Circulating CD14(+) HLA-DR(-/low) myeloid-derived suppressor cells in leukemia patients with allogeneic hematopoietic stem cell transplantation: novel clinical potential strategiesfor the prevention and cellular therapy of graft-versus-host disease.

Abstract

Myeloid‐derived suppressor cells (MDSCs) are a heterogeneous cell population that includes immature myeloid cells and the progenitor cells of macrophages, dendritic cells (DCs), monocytes, and neutrophils. The expansion and functional importance of MDSCs in patients with cancer and noncancer pathogenic conditions has been recognized. As a result, there has been growing interest in understanding their roles in acute graft‐versus‐host disease (aGVHD) after allogenetic hematopoietic stem cell transplantation (allo‐HSCT). In order to evaluate possible effects of MDSCs on aGVHD development and clinical outcomes, this study systematically detected the dynamic changes of MDSCs accumulation in patients during the first 100 days after allo‐HSCT, and investigated the levels of other cell types and relative cytokines during MDSCs accumulation. Results showed that accumulation of MDSCs in the graft and in peripheral blood when engraftment might contribute to patients' overall immune suppression and result in the successful control of severe aGVHD and long‐term survival without influence on risk of recurrence after allo‐HSCT. But MDSCs levels in the graft had more favorable predictive abilities.
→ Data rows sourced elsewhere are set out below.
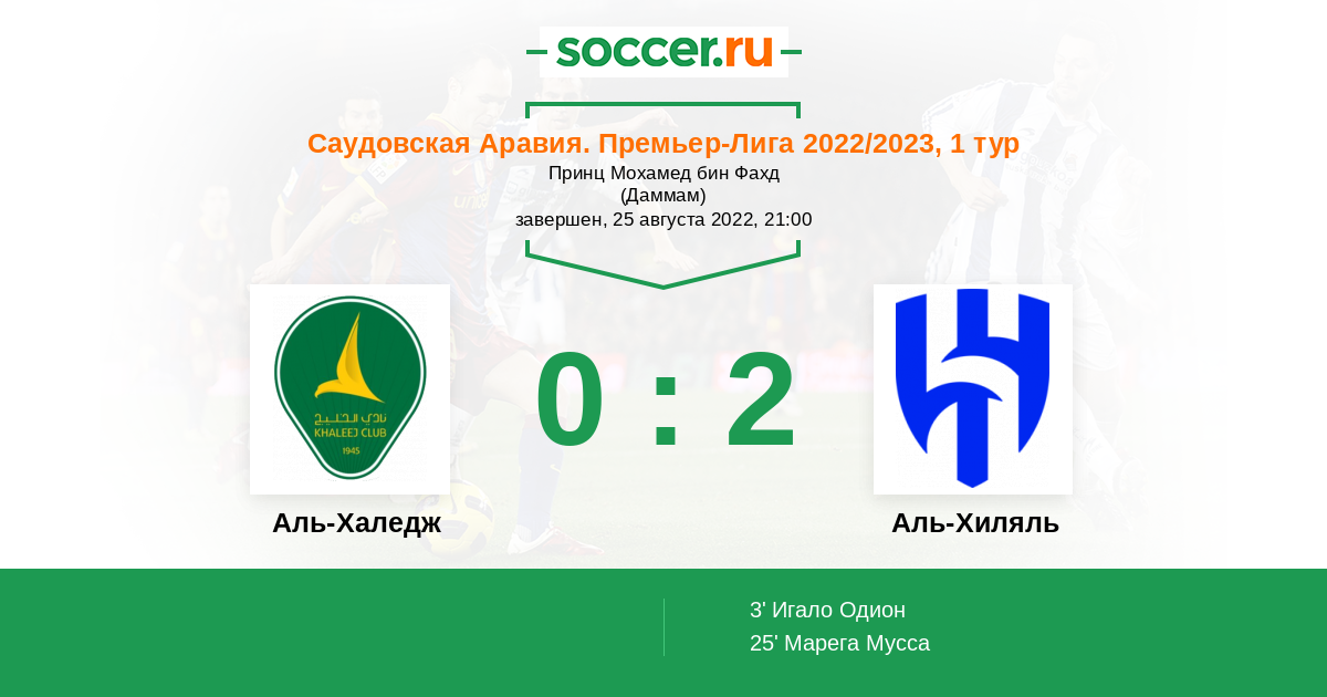 Протокол матча Аль-Халедж против Аль-Хиляль
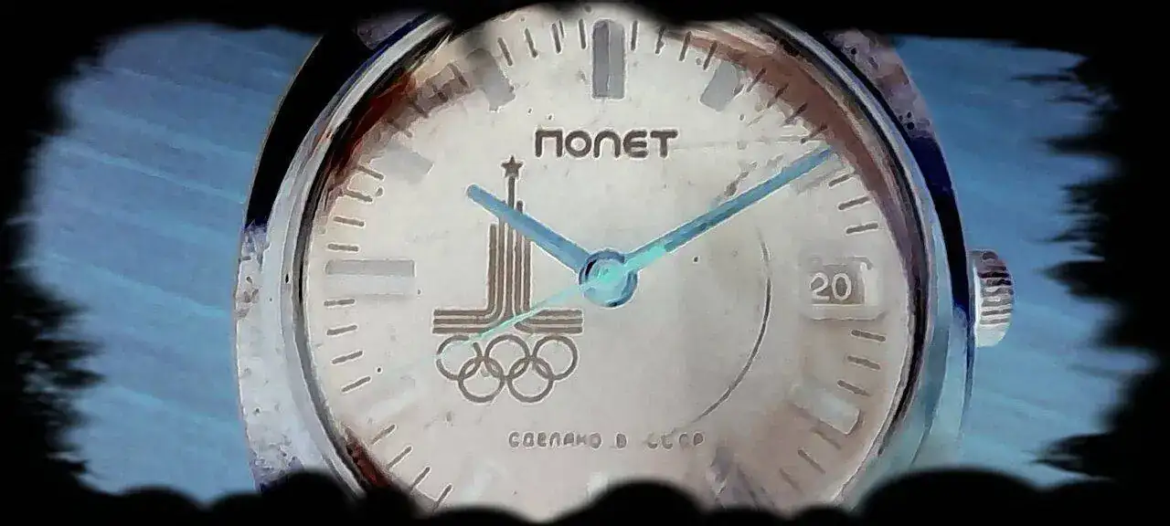 - Poljot (Полет). Reloj de carga manual. Caja redonda. Dial color azul profundo saturado, textura de tela elegante. Fecha a las tres. Emblema olímpico a las 9. Segundero central e índices horarios. Corona con guardas. Bisel poligonal.
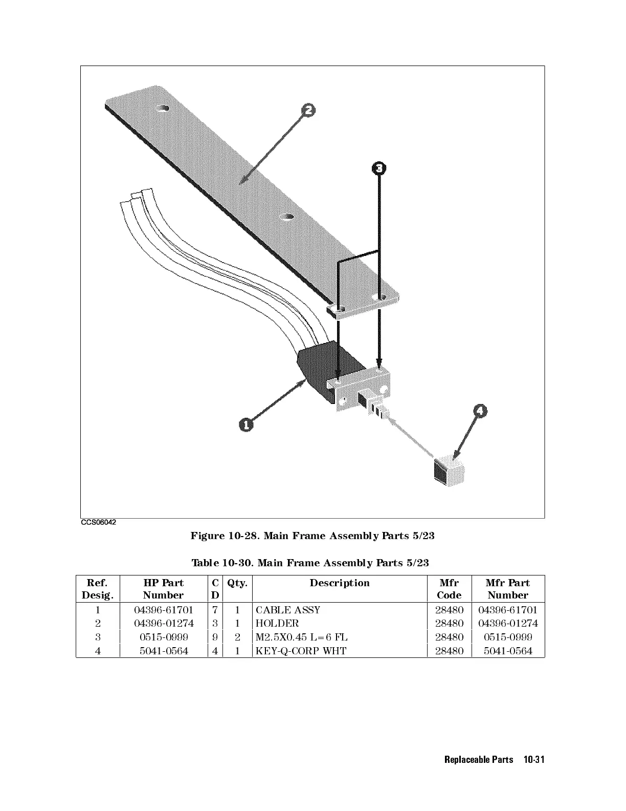 Table 10-30. Main Frame Assembly Parts 5/23
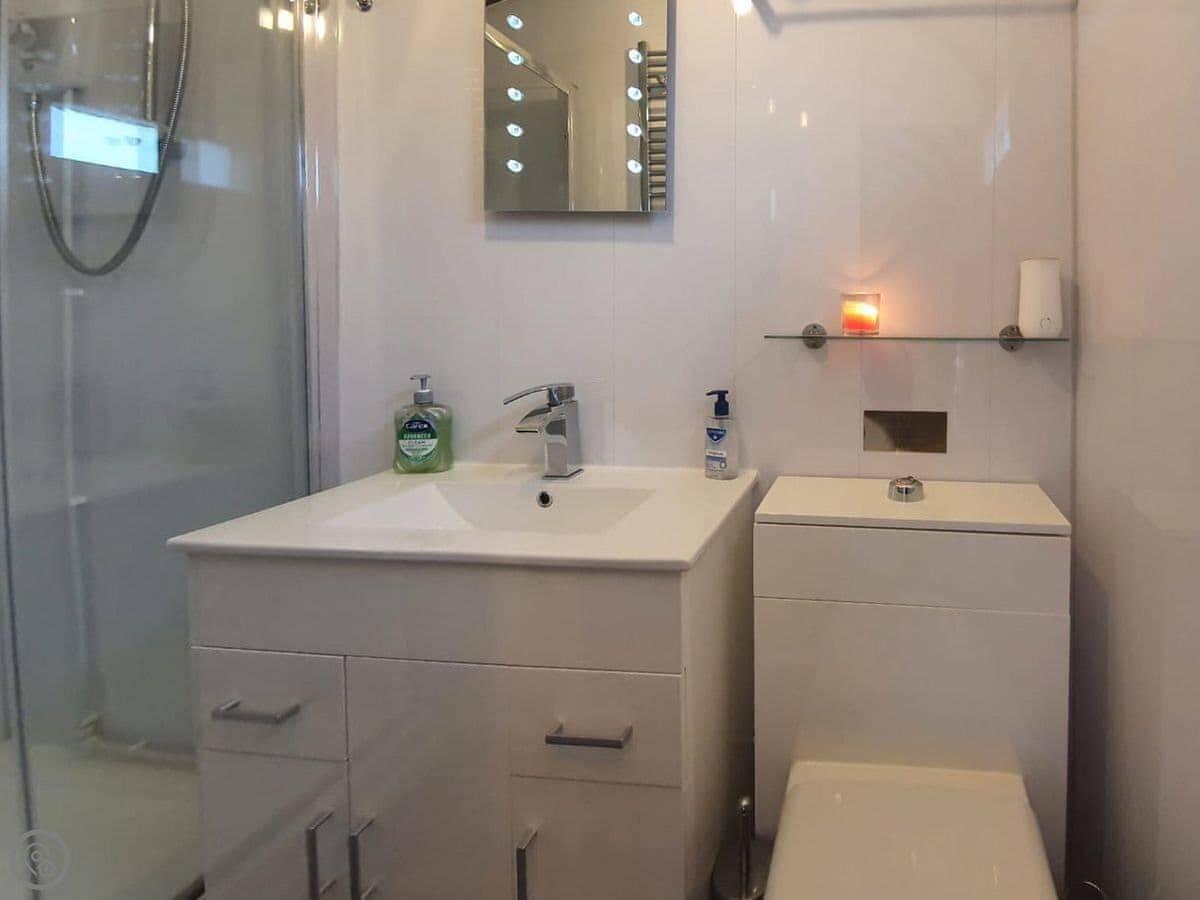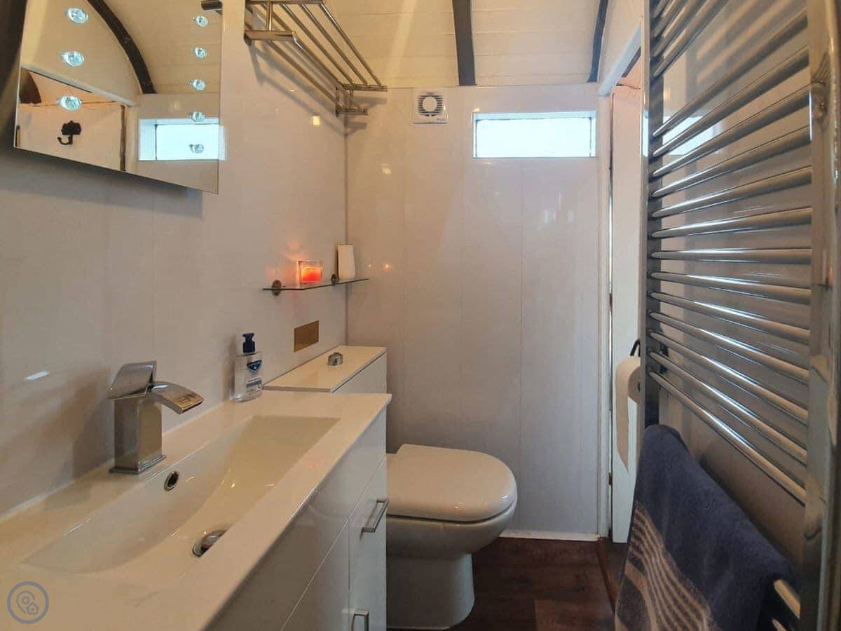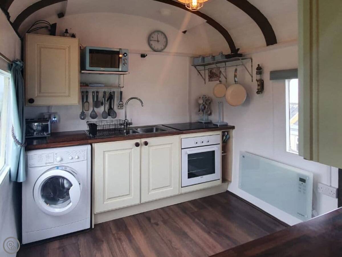 Inside, it's got a woodburner, WiFi, a TV, a washing machine, and an Xbox in one of the bunk rooms. All bedding and towels are included. You can bring up to two dogs.
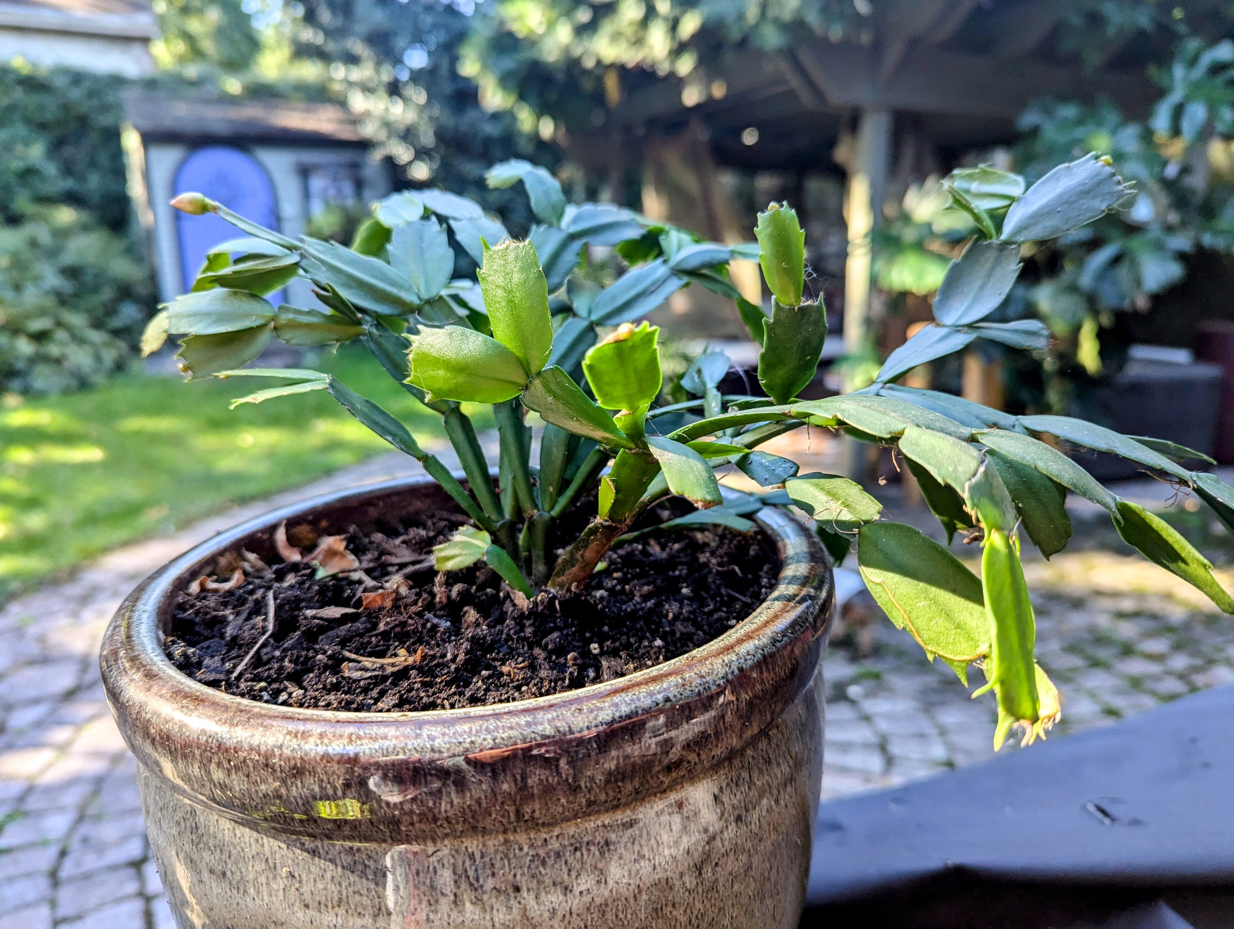 I placed her with her babies on a plant bench on our deck where I thought she would be safe. One day I went to check on her and found the majority of her beautiful stems broken. Many were laying on the ground. Others were still in the pot disconnected from her root system. I suspect a squirrel, or some other animal, had used her as a springboard to hop into a tree or make a bed in.

Furthermore, MDSCs proportion significantly increased in patients developing aGVHD after allo‐HSCT. It might be caused by secondary inflammatory response, especially related to high concentrations of IL‐6 and TNF‐α. But this accumulation would not be able to counterbalance the aggravation of aGVHD and would not have influence on clinical outcomes and risk of relapse. Overall, MDSCs might be considered as potential new therapeutic option for aGVHD and achieve long‐term immunological tolerance and survival.